The Lectern: The IBM shocker
I have been in Washington this week for some meetings, and the story about IBM's governmentwide suspension from contracting has been the big topic of conversation. Folks are pretty shocked. (I saw an amazed post from one government contracting officer on Facebook.)
We don't know too many details at this point. Possibly, there is some really egregious behavior by IBM that resulted in this extreme step. But possibly, this move reflects the hyper-fear, hyper-punishment procurement environment right now that affects vendors (assumed now to be rapacious crooks until proven otherwise) as well as career public servants.

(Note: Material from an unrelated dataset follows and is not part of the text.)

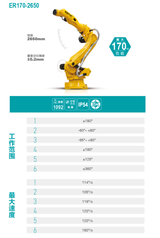 轴数6轴 | 精度0.2mm | 工作域2650mm |
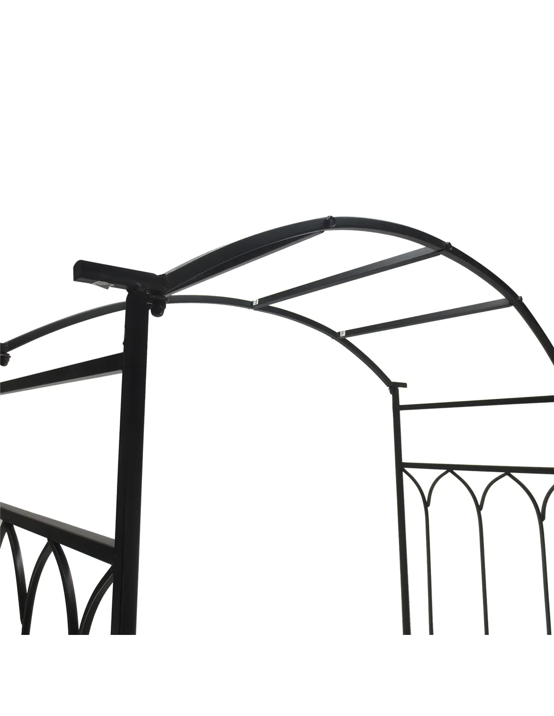 Outsunny Garden Metal Frame Bench W/Arch for Various Climbing Plant, 115Lx50Wx203H cm-Black

Somebody mentioned to me a recent meeting involving a number of industry folks where the topic was which information technology firms are going to withdraw from selling to the federal government. Obviously those contractors who are completely dependent on government business -- the IT divisions of the defense contractors, and government-unique small businesses -- will stay on. But are we going to start to see predominantly commercial firms, who have only a small percentage of business in the government marketplace, conclude that in the present environment, the risks simply aren't worth it? (During Katrina, the government was unable to use Wal-Mart for supplying the region because the company refuses to do business with the government for other than micropurchases.)
This would of course be terrible. The last thing the government needs is to revert to the days when government contracting was the preserve of government-only companies. For innovation, competition, and customer-orientation, the government needs predominantly commercial firms. The current procurement environment threatens the big gains in terms of lower prices, innovation, and customer service that we made in the 90's in attracting these firms to government contracting.